--- START ---

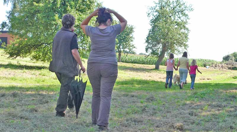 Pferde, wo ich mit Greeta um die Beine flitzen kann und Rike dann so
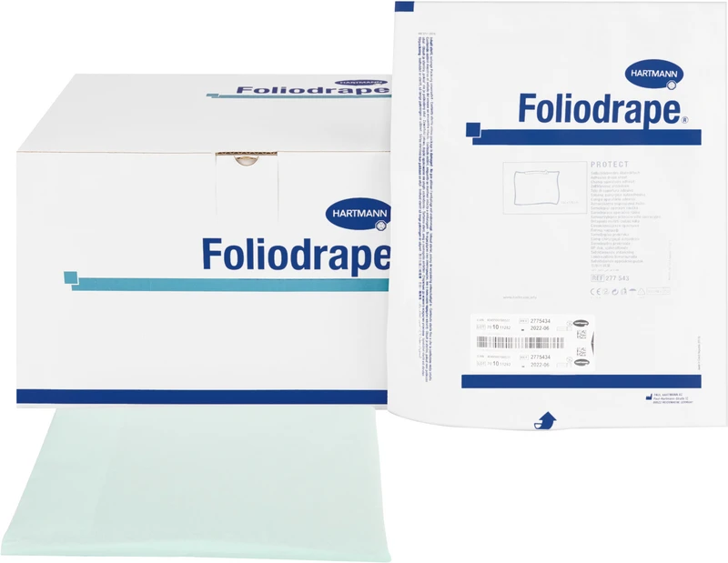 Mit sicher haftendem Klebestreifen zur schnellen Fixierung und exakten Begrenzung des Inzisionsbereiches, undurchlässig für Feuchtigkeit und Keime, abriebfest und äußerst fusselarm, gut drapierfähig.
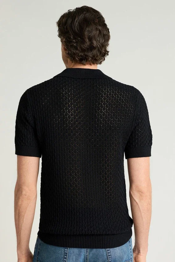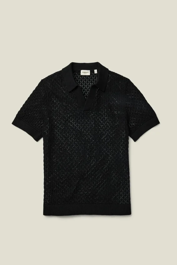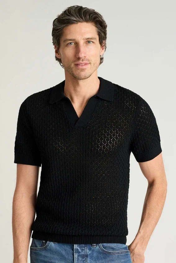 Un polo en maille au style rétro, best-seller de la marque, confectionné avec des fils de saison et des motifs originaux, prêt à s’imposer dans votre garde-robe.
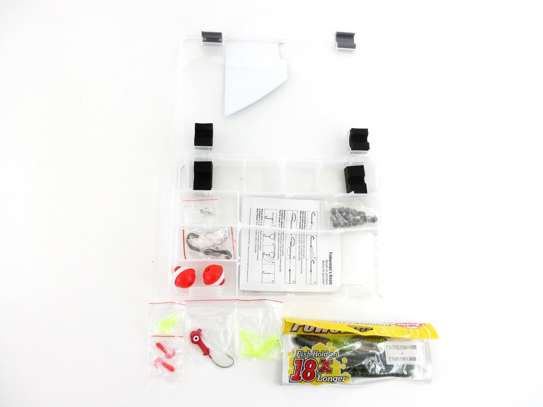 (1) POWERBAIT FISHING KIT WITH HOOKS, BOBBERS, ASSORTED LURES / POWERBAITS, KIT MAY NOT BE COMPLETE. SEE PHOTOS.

--- END ---

> **Aim of the exercise**
Repeat the listing above up to and including the line with "Un polo en maille", starting from its first line. Drop any pictures.

> **Answer box**
 Pferde, wo ich mit Greeta um die Beine flitzen kann und Rike dann so
 Mit sicher haftendem Klebestreifen zur schnellen Fixierung und exakten Begrenzung des Inzisionsbereiches, undurchlässig für Feuchtigkeit und Keime, abriebfest und äußerst fusselarm, gut drapierfähig.
 Un polo en maille au style rétro, best-seller de la marque, confectionné avec des fils de saison et des motifs originaux, prêt à s’imposer dans votre garde-robe.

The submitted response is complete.